🤖 AI Summary
Accurately predicting electronic bandgaps of crystalline materials solely from chemical composition remains challenging, especially given the non-Gaussian, multimodal nature of bandgap distributions and the absence of structural information.
Method: This work proposes a lightweight, highly interpretable hybrid random-variable modeling framework: bandgaps are modeled as nonnegative weighted averages of element-specific contributions—each parameterized by a single, physically meaningful scalar—subject to a truncation constraint. Crucially, the method formalizes bandgap prediction as a mixture-variable regression task, deliberately omitting crystal-structure inputs and relying exclusively on elemental descriptors.
Contribution/Results: On diverse inorganic crystal datasets, the model achieves accuracy competitive with state-of-the-art structure-aware deep learning models, while reducing parameter count by three orders of magnitude.

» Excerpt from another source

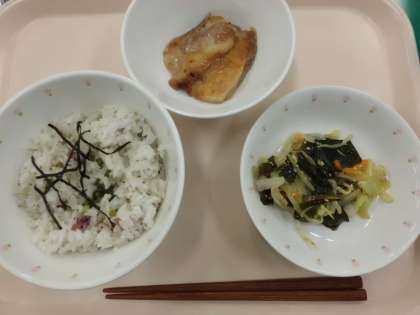 梅茶づけ・牛乳・鶏肉の照り焼き・和風サラダ
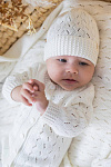 Комплект "Колосок" состоит из комбинезона и шапки, выполненных из 100% хлопка. Данный комплект идеально подходит для малышей благодаря мягкости и натуральности материала. Комбинезон имеет длинные рукава, застегивается на удобные пуговицы спереди, что облегчает процесс одевания и переодевания ребенка. Вязаная текстура украшена аккуратным узором в виде колоска, придающим изделию оригинальность и нежность. Светлый оттенок делает комплект универсальным и подходящим как для мальчиков, так и для девочек. Шапка выполнена в том же стиле и гармонично дополняет образ, обеспечивая дополнительный комфорт и тепло. Материал комплекта обеспечивает оптимальную циркуляцию воздуха, предотвращая перегрев, а хлопок гипоаллергенен и приятен к телу малыша. Дизайн отличается лаконичностью и продуманностью, что делает комплект практичным выбором для ежедневного использования. Вязаная структура придает изделиям легкую эластичность, не сковывая движения ребенка.

Learned elemental parameters exhibit strong chemical consistency with established physical quantities—including electronegativity and orbital energy levels—demonstrating simultaneous excellence in predictive performance, interpretability, and physical plausibility.
📝 Abstract
In solid-state materials science, substantial efforts have been devoted to the calculation and modeling of the electronic band gap. While a wide range of ab initio methods and machine learning algorithms have been created that can predict this quantity, the development of new computational approaches for studying the band gap remains an active area of research. Here we introduce a simple machine learning model for predicting the band gap using only the chemical composition of the crystalline material. To motivate the form of the model, we first analyze the empirical distribution of the band gap, which sheds new light on its atypical statistics. Specifically, our analysis enables us to frame band gap prediction as a task of modeling a mixed random variable, and we design our model accordingly. Our model formulation incorporates thematic ideas from chemical heuristic models for other material properties in a manner that is suited towards the band gap modeling task. The model has exactly one parameter corresponding to each element, which is fit using data. To predict the band gap for a given material, the model computes a weighted average of the parameters associated with its constituent elements and then takes the maximum of this quantity and zero. The model provides heuristic chemical interpretability by intuitively capturing the associations between the band gap and individual chemical elements.